I returned from my 36-hour stint in Austin two weekends ago, and I struggled to get into the groove of the new and final semester. Currently, I am semi-caught up, which was a huge obstacle (along with the terror in presenting at a major conference), but my new concern involves a constant check-in with my emails. I want to know…but, then again, I do not want to know.
I expected to leave my grad school worries in 2018…at least most of them. After all, the past is the past, and I cannot change what transpired in the latter half of 2018. Instead, I hope for the best. It is all that I can do. However, nerves are washing over me. It is endless thoughts, an array of questions, a cascade of doubts, constant ideas about what I could have done, including the idea of more, versus what I did. It is officially grad school notification season, and I am checking my emails on my phone and laptop multiple times a day. This week, I actually intend to check the mail, something I otherwise rarely do (Nothing is ever for me, so why bother?). I have no idea which method I would be notified by, and it is not something these institutions specify on their websites. So, I wait, watch, and worry…and then wait, watch, and worry again.

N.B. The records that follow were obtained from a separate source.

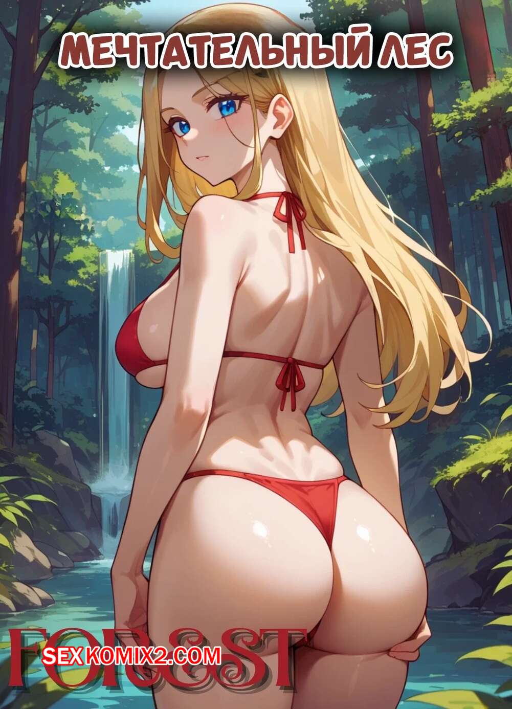 Порно комикс Мечтательный лес. Dreamy Forest. kitsuki world. Горячая блондинка в красном купальнике, уединилась в лесу со своим другом, она разделась перед ним тем самым хорошенько его возбудила. А потом села не го твердый член.
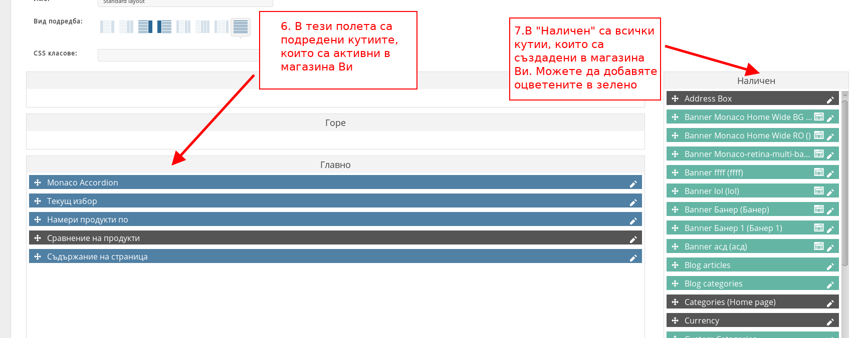 - Кутиите, които са подредени в “Горно пълзящо”, “Горе”, “Главно”, “Ляво”, “Дясно”, “Долу” и “Долно пълзящо” са тези, които са активни във Вашия магазин и ще се визуализират.
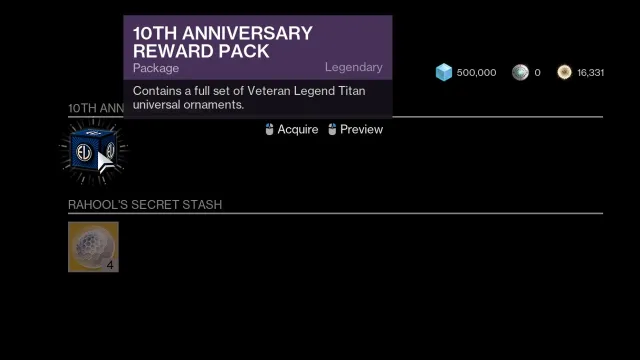 5番目と最後のCayde Stashを開いたら、タワーに近づきます特別配達 ターミナルRahoolの後ろ。主張します10周年記念報酬パック、在庫を入力して開き、完全なものを受け取ります10周年記念飾りクラスに向けて設定してください!
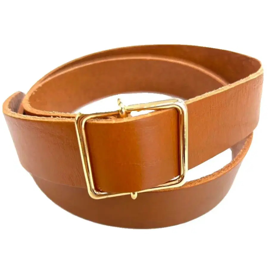 [보네 볼론테] 천연 가죽 핑 없는 가죽 벨트 카멜 미사용 새상품
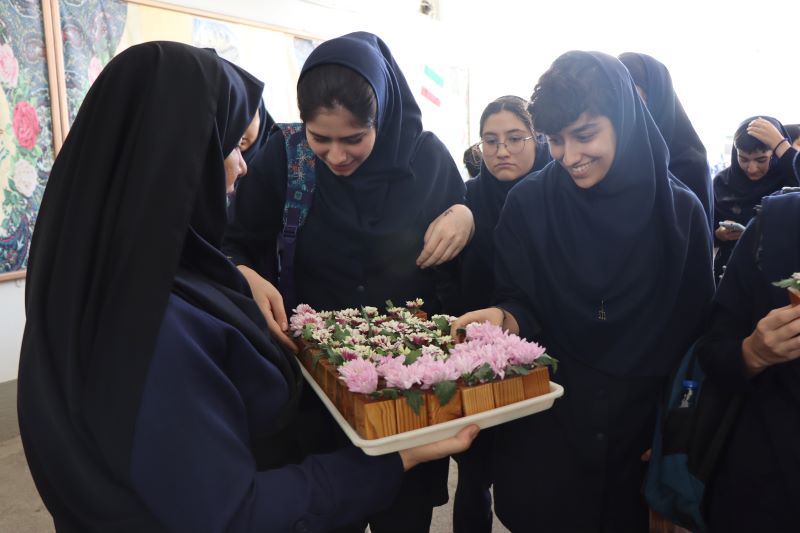 اهدای گل به هنرجویان به مناسبت 1 مهر و بازگشایی مدارس

I prepare and plan for the worst, and I am slowly coming to grips with the fact I may be rejected. Grad school is highly competitive. Currently, universities’ grad school programs for political science only admit undergraduates into their PhD programs (which is what I am applying for) if they demonstrate academic talent…superb talent. Sometimes this means accepting 10 to 12 students each year, despite upwards of 150 applications. This is where the nerves come into play. What if I am not one of those students? It is something I must be prepared for because life (For some, it is their Maker.) rarely gives us everything we want, but instead, it (insert [Maker]) gives us the things we truly need. The truth is: This is what I want, this is the immediate future I envisioned for myself, this is what I have spent the past year and a half preparing for. But, is this what I need? Is this for me in the long, more permanent future? Only time will tell, and I struggle with whether I will be ready and willing to listen when it speaks.
This weekend, I am cleaning up my thesis, which is nearly done. Thankfully. I also am brainstorming research paper topics on Tudor and Stuart Britain. And, besides glancing/taking notes on my reading assignments for next week, I may begin painting. Two years ago, I promised my mom I would paint two onions (Odd, yes? However, I am from the sweet onion capital of the world, so…go figure.) and a map of Georgia with its key highlights/features for her office. After two years, I think it is time to actually do that project I agreed to do, don’t you? Have a lovely weekend!